RTE CORCs documentation appears to affirm low cost position for ethanol-based CCS. Documentation posted on Puro.earth provides some detail with respect to the cost basis for RTE’s BECCS-based credits, although the detail may be insufficient to characterize total (or per ton of stored CO2) project costs. The 157K CORCs issued reflects the total CO2 captured of 180K tons net of the emissions associated with the CCS process (largely electricity). Electricity used for the period was 33.4 Megawatt hours (MWh); if this reflects total power consumption, it would allow for energy costs below $20/ton of stored CO2. Total capital investment for “buildings, equipment, contractor work and research” was given as $39 Million; if this reflects the total capex, then even assuming no extensions beyond the initial program term of 5 years, it suggests low $40s/ton of stored CO2.

Additionality may rely on RTE’s status as an Limited Liability Corporation. The additionality audit avers that the project meets Voluntary Carbon Market (VCM) additionality principles, i.e. requires carbon credits to make it financially viable, in part because RTE is a partnership. The entity’s tax status (as a partnership it distributes profit to the partners and is not taxed at the entity level) suggest it cannot benefit from 45Q tax incentives (which for this activity would otherwise provide for $85/ton).

This is by far the largest listing on Puro.earth. Puro.earth, a registry dedicated to technology-based carbon removal projects, launched in 2019. In 2023, its listings totaled 81.5K CORCs (i.e. tons-equivalent) through 362 projects, or an average of 225 tons per project. Also in 2023, 80% of its projects and volume were sourced in biochar, with most of the balance sourced in “wooden building elements.” Puro.earth’s transactions have realized pricing between $110 and $180/ton since the beginning of 2023.

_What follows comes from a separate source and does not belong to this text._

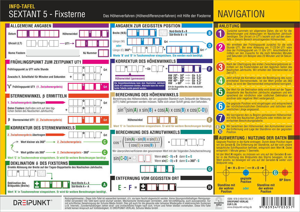 | Schlagworte | Astronomische Navigation • Binnen • Boot fahren • Dreipunkt • Dreipunkt-Verlag • Höhendifferenz • Höhen-Differenz • Höhendifferenzverfahren • Höhen-Differenzverfahren • Info Tafel • Info-Tafel • Info Tafel Set • Info-Tafel-Set • Mittagsbreite • Motorboot • Navigation • Navigation Mond • Navigation; Nonbooks • Navigation Sonne • Navigationssterne • Oktant • Position auf See • Positionsbestimmung • SBF • See • Seekarte • Segeln • Sextant • Sextant (Nonbooks) |

The move comes with momentum in future CCS funding commitments.  There have been notable commitments related to carbon capture support over the past year. These have, however, been structured through directly-negotiated (multi-year) agreements. Examples include:

  • OXY-and-Blackrock-owned 1PointFive have over the past year has announced purchase agreements with ANA AT&T (just this past week), BCG, TD Bank Group, Trafigura, and Houston professional teams the Astros and the Texans to purchase Carbon Dioxide Removal (CDR) credits for removals to be delivered by 1PointFive’s under-construction Direct Air Capture (DAC) facility STRATOS.
  • Microsoft committed an estimated $200 Million to purchase 315K credits from carbon mineralization startup Heirloom as part of Microsoft’s broader carbon removal portfolio commitments.
  • Respira International, a carbon credit investor, committed to buy 50K credits from DAC company Carbon6. This follows Respira’s 2022 MOU with power producer Drax Group to buy up to 2 Million BECCS CDR credits over a five year period to be generated from an as-yet-to-be-built Drax facility in the U.S. Respira intends to resell the credits in the voluntary carbon market.